Depleted Uranium is that material left over when U-235 has been chemically
( or mechanically) separated so that the U-235 can be isolated for
scientific uses.

Natural U contains .72 % of U-235, most of the remainder being U-238.
Technically speaking, any U that has less than .72% of U-235 is called DU,
but in practical terms the materials that we see that has been passed down
to commercial uses contains .2%. U-235. A slightly less depleted material,.
with .3% is retained in stockpiles for future refining.
U-235 is more radioactive than the U-238 counterpart, and contributes
probably 50% of the radiation in natural samples.
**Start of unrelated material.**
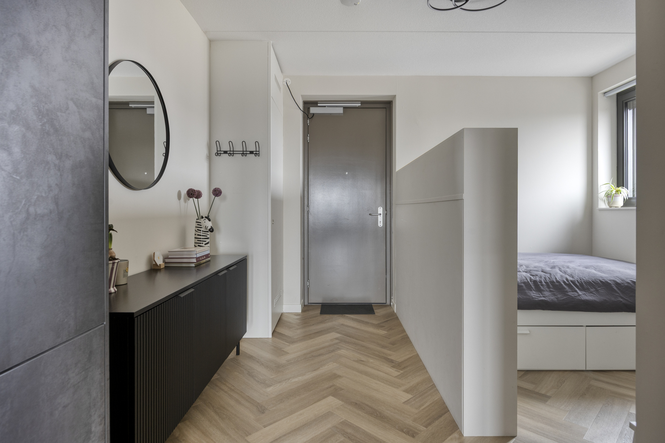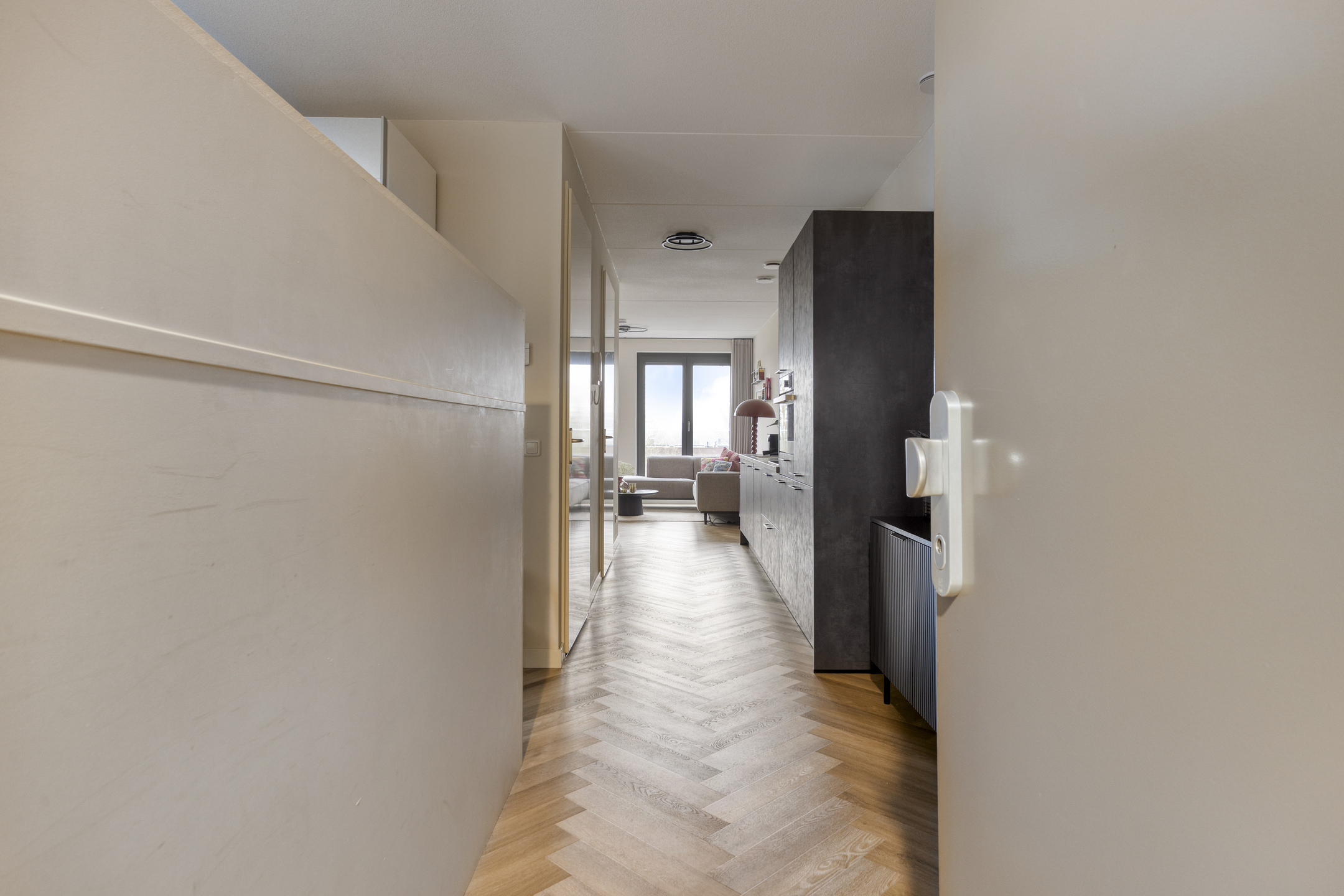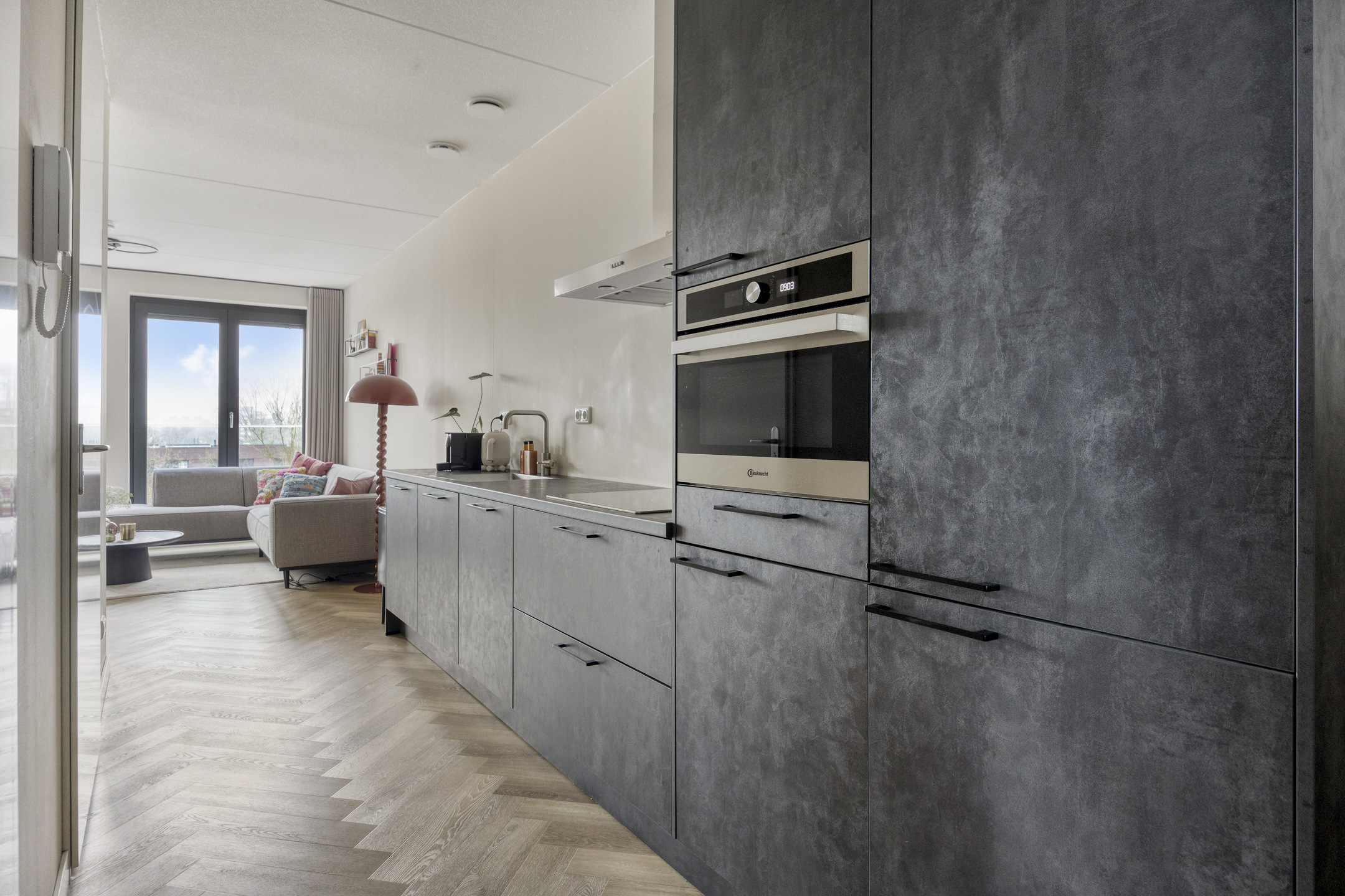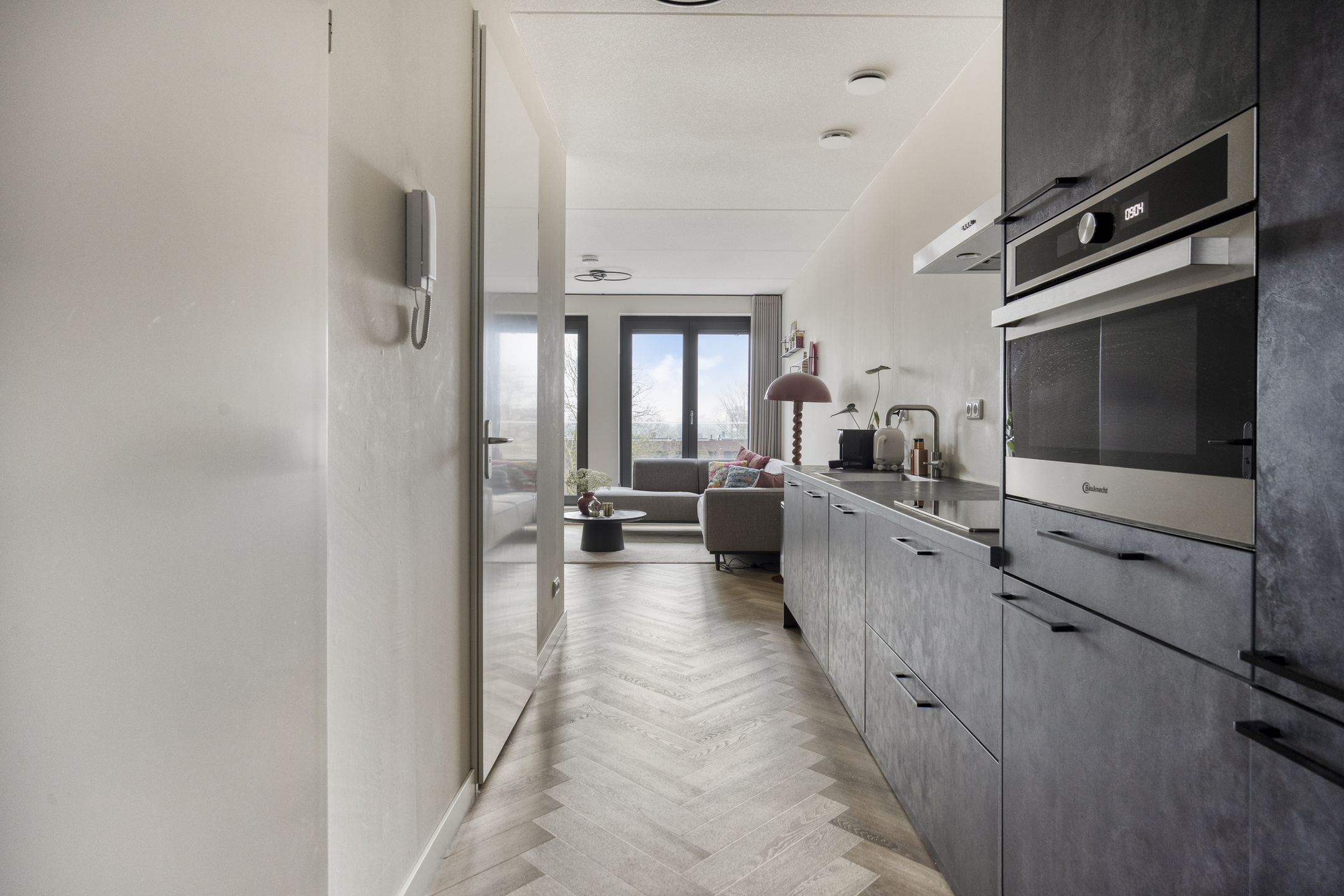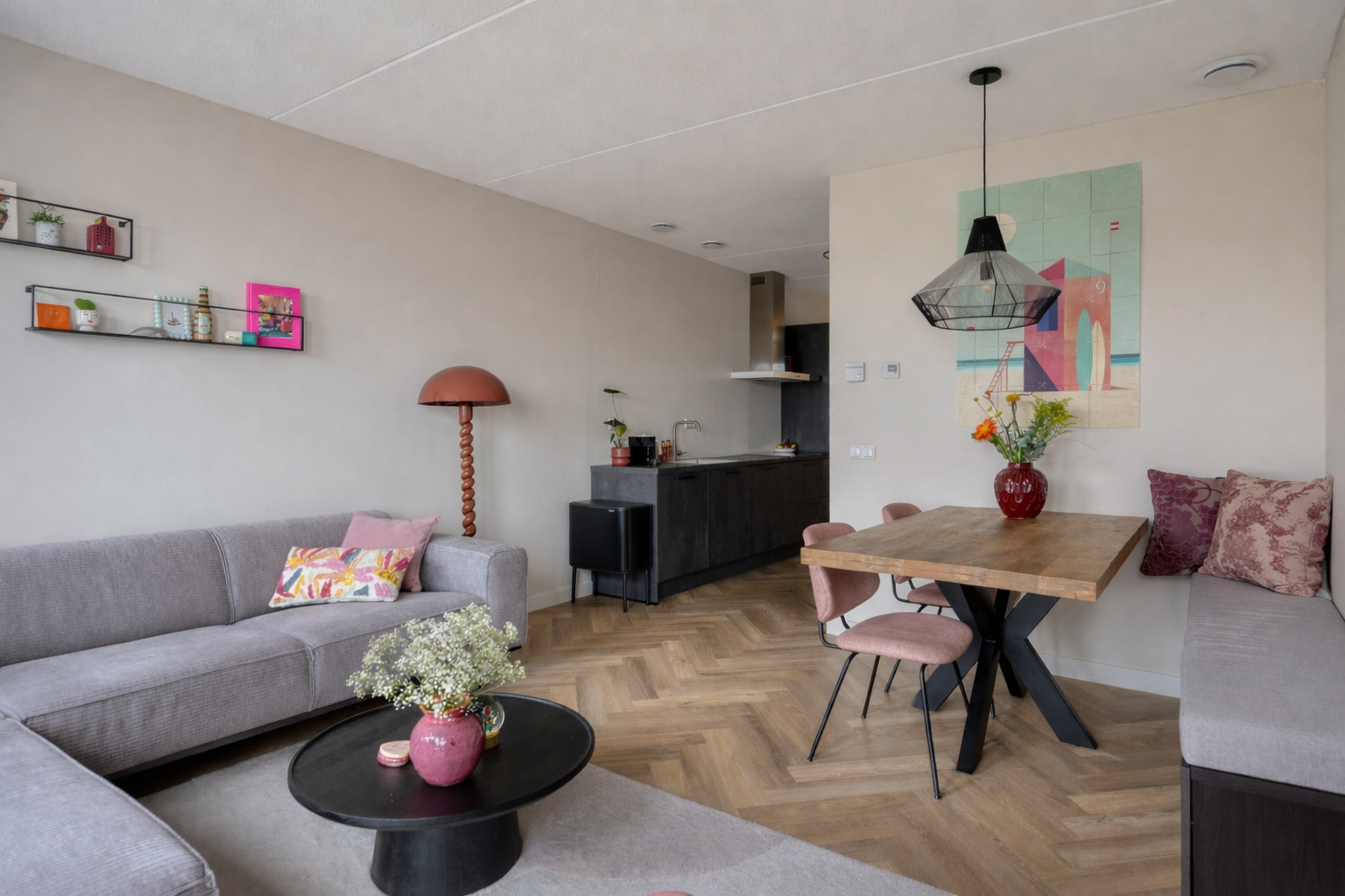 Zodra je het appartement binnenstapt, voel je het meteen: dit is een plek om thuis te komen. Vanuit de lichte woonkamer met dubbele openslaande deuren naar het Franse balkon heb je vrij uitzicht over de wijk. De moderne afwerking met houten lattenframe tegen de wand geeft het geheel een warme uitstraling.

Being a chemical process, the lower daughter is U are removed from DU, and
must grow back in from the moment of separation. Problem being that the 3rd
daughter, U-234 has a half life of 22,000 years, so for practical purposes,
real DU only consists of the Parent U 238, Thorium 234, Protactinium 234M
and U 234, and a tiny bit of the remaining U-235 left from the imperfect
separation.

U-238 has a nice X-Ray at 100 keV as well as some other peaks in that
general area. The U-235 main peak is at 185 keV.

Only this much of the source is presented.